The informed consent opt-in requirement to data mining would protect consumers while respecting their autonomy, as well as mesh with familiar contract principles. Such a requirement, represented by a uniform, concise and explanatory terms of use would empower individuals to make knowledgeable decisions regarding dissemination of their private information while avoiding excessive nannyism. Also, the requirement would allow the parties to bargain more fairly. Corporations that sell information without individuals’ consent receive a windfall unknown to those individuals. An opt-in requirement would cause those corporations to ‘pay for’ that windfall. Moreover, an open-source statute mandating the publication of the internal code indicating how private data is shared after collection would further reduce the present asymmetry of information between corporations and individuals and additionally provide for informed bargaining.

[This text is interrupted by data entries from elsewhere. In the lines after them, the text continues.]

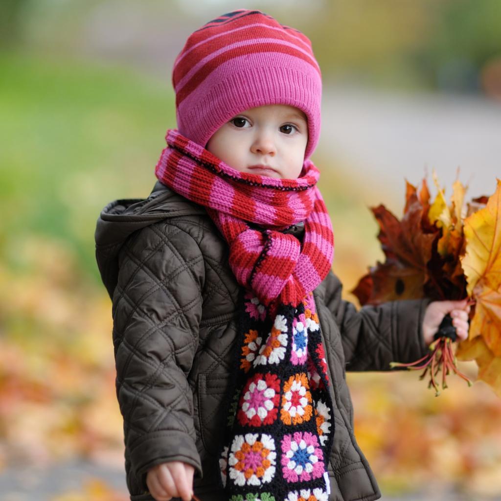 Wallpaper Little girl in a pink hat with leaves in hand
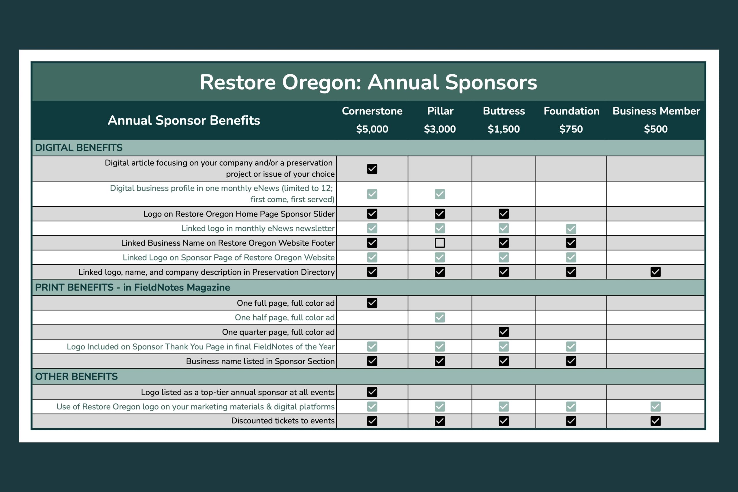 To renew your business membership or learn more about the comprehensive benefits of annual sponsorship, please email our Director of Development, Keith, at Keith@restoreoregon.org
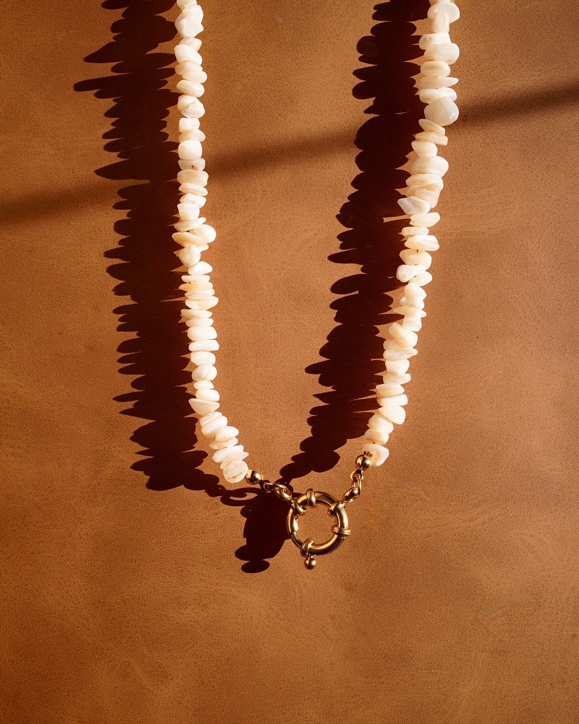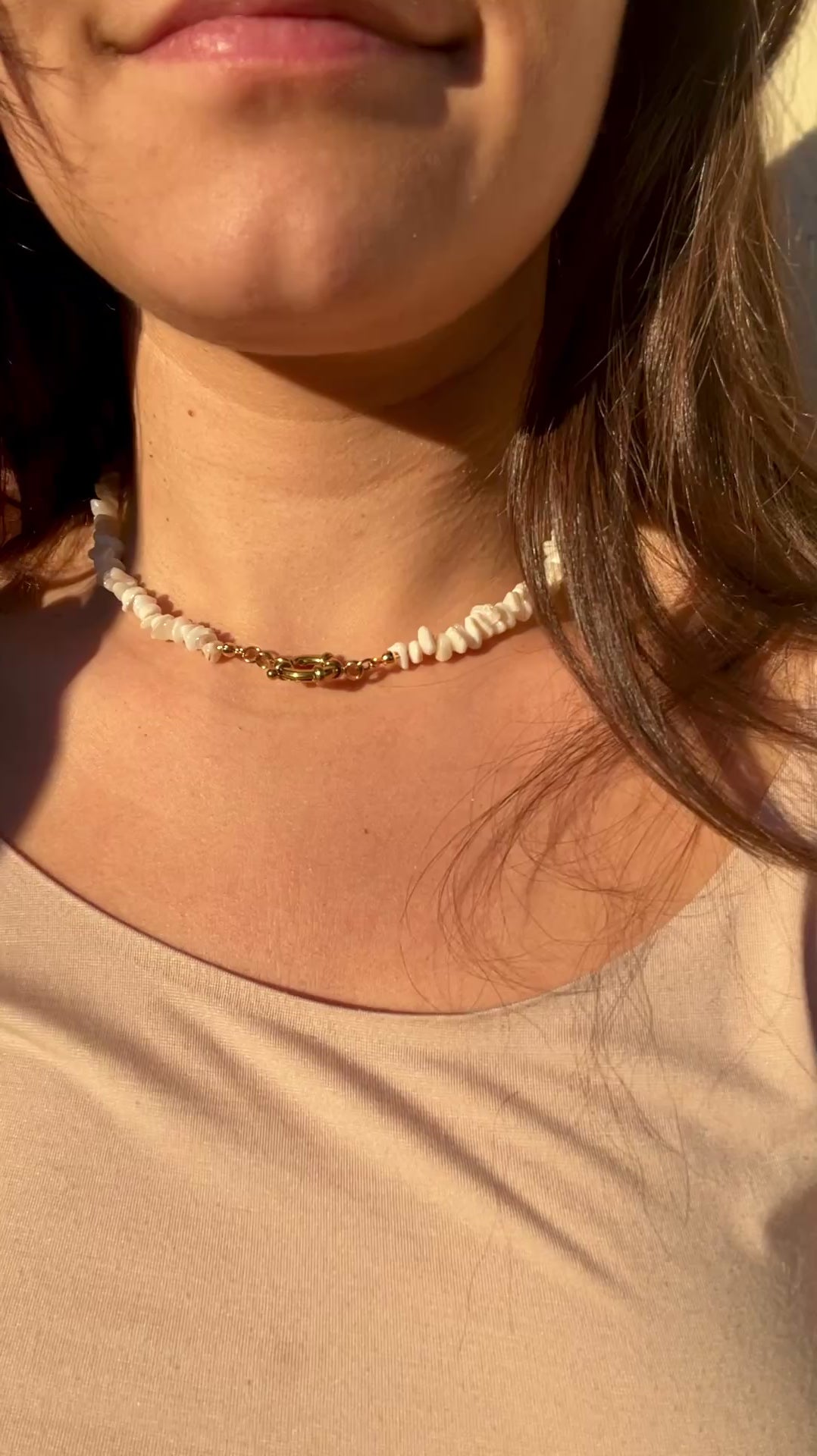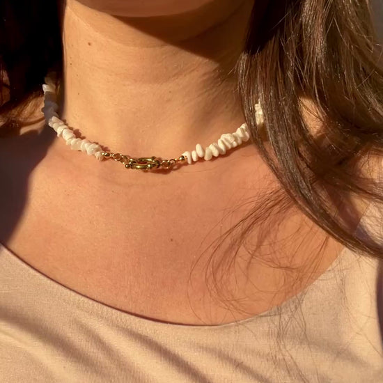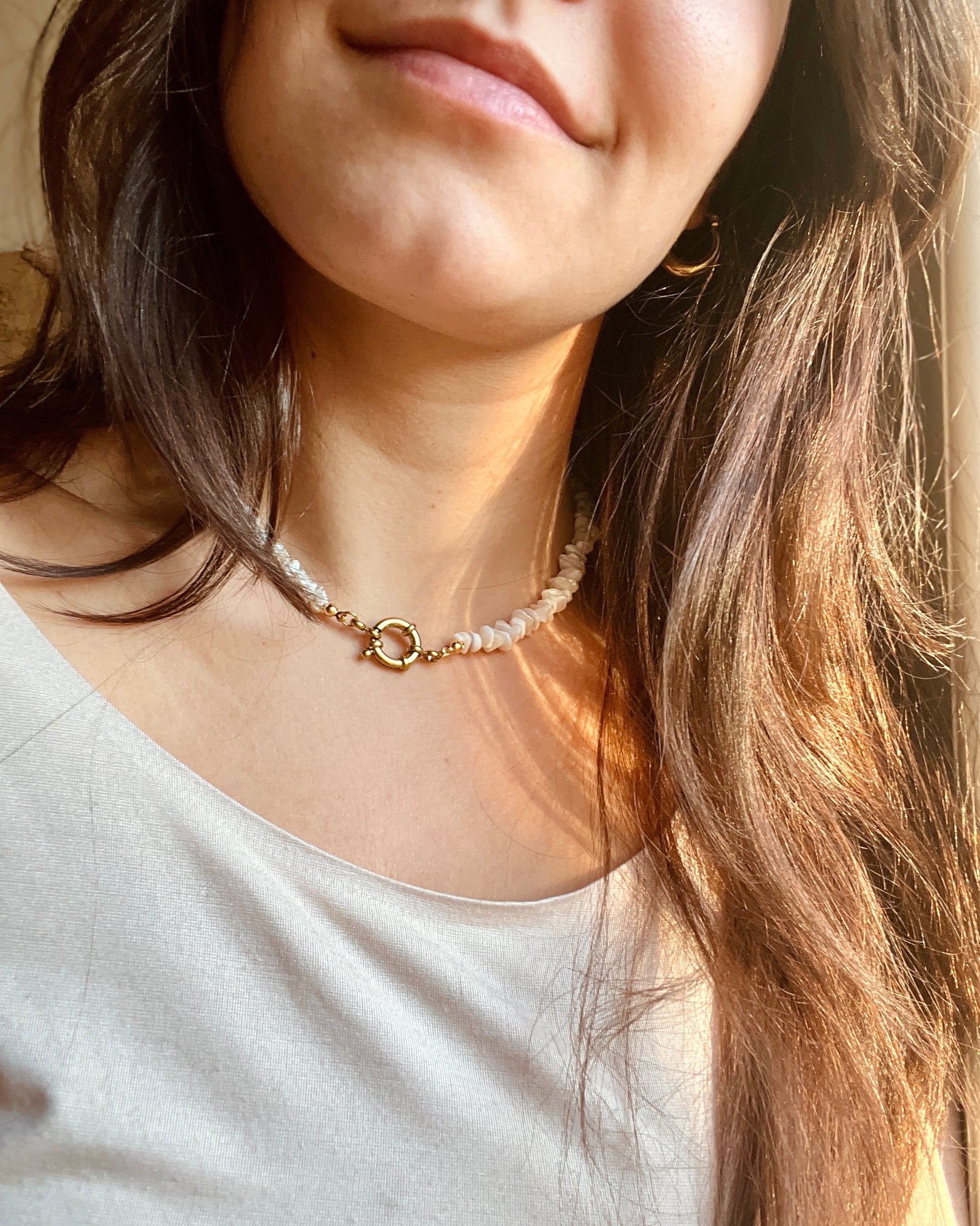 Collana girocollo realizzata a mano con frammenti di madreperla e chiusura a dettaglio placcata in oro 24K.

  • Opt-in for what? Can you prohibit someone from thinking about available data unless someone else gives permission? What do you assume the constitutional limits on regulation here are?

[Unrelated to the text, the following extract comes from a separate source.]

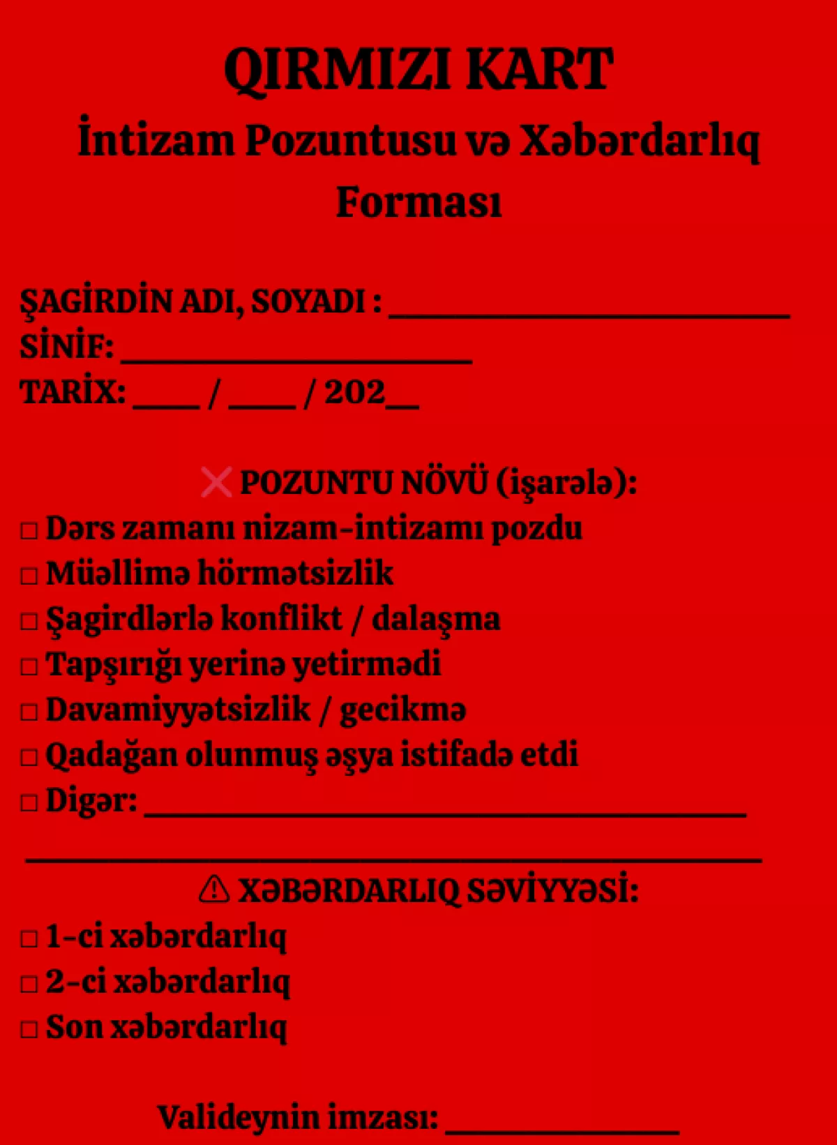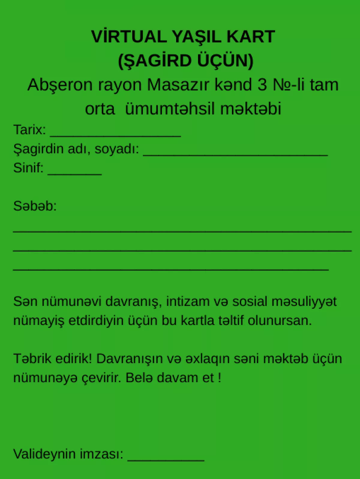 В средней школе № 3 посёлка Масазыр Апшеронского района АР осуществляется пилотный проект оценки поведения и успеваемости учащихся с помощью жёлтых, красных и зелёных карточек.

* As discussed in my reply above, I would center the regulations on how much information can be gathered without informing the consumer that it is being collected and analyzed. I agree that there is not much you can do to say don't consider this information once it's out there. Obviously, that would lead to absurd results. Would the car salesman not be able to consider the clothes, watch and shoes of two different people coming into his showroom in deciding whom to pitch first and which car to show which customer?


Data mining allows corporations to exploit and commoditize individuals, thereby threatening individuals' autonomy and possessions. Thus, the government should require heightened transparency to allow individuals to protect their identity and property.

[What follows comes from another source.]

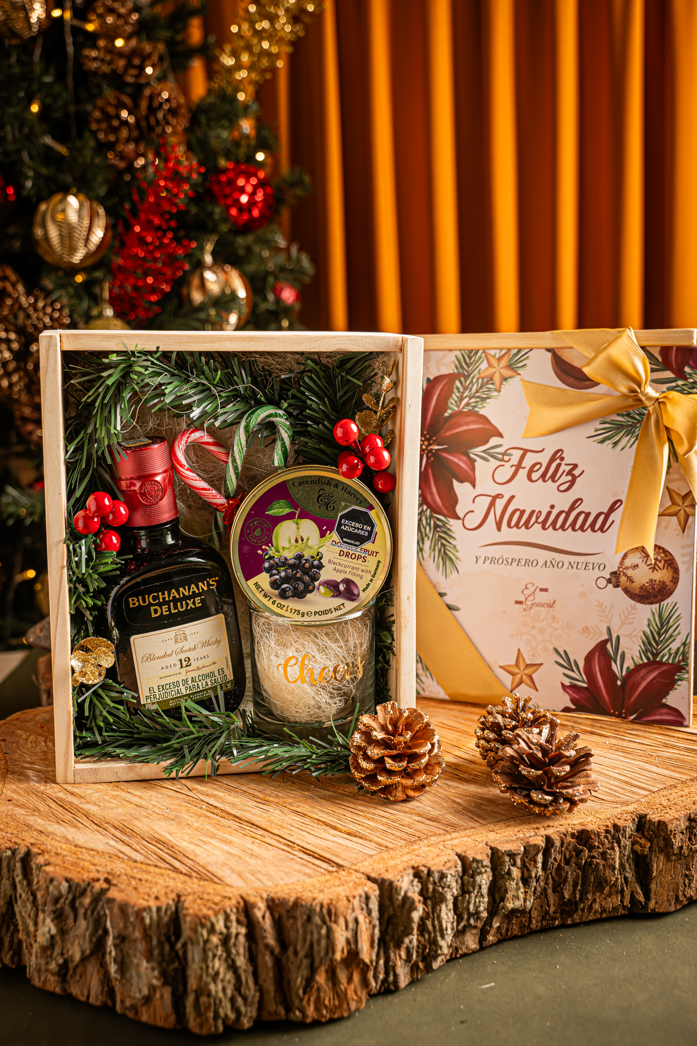 – Estuche en madera pino. – Whisky Buchanans Deluxe 12 Años 375ml. – Vaso para whisky. – Dulces frutales Cavendish & Harvey. – Bastones navideños de caramelo. – Tarjeta con mensaje y de/para.

I'm curious how you think government is going to be motivated to enact strong privacy legislation. It seems like all of the money and the power is in the hands of data miners. With such enormous commercial incentives to have loose privacy protections, wouldn't industry lobbyists be able to stop any Congressional proposals?

People just don't seem very fired up about privacy protection. Wouldn't something drastic need to happen to change that?

-- GavinSnyder - 29 Nov 2009

Thanks for the comment! I would answer your question in two ways. First, Congress seems to have already taken up the issue in the Gramm-Leach-Bliley Act, that I have yet to link to in my article. Here is a link to the press release: GLB Act. Second, I think Professor Moglen was making the point in class a few weeks ago that something 'drastic' did happen to get people fired up about privacy protection; specifically, he seemed to argue (and my article agrees) that data mining was one of a number of causes of the recent financial crisis. Still, I agree with you that the organized power ostensibly lies with those opposed to privacy protections.

-- BradEhrlichman


I hope you do not mind my commenting (and editing a link in your reply to Gavin). If you would like other comments, you might consider adding a comment box (just add the word %COMMENT% to the very bottom of the page if you do want such a box).

The reason I am commenting is because I agree with your analysis that the decline in privacy is significant, and as I have said elsewhere, I agree that opt-in is perhaps the most viable solution. But my bigger concern is, as Gavin suggested, that people just don't seem concerned about privacy loss. Have you run into much literature suggesting otherwise?

-- BrianS - 2 Dec 2009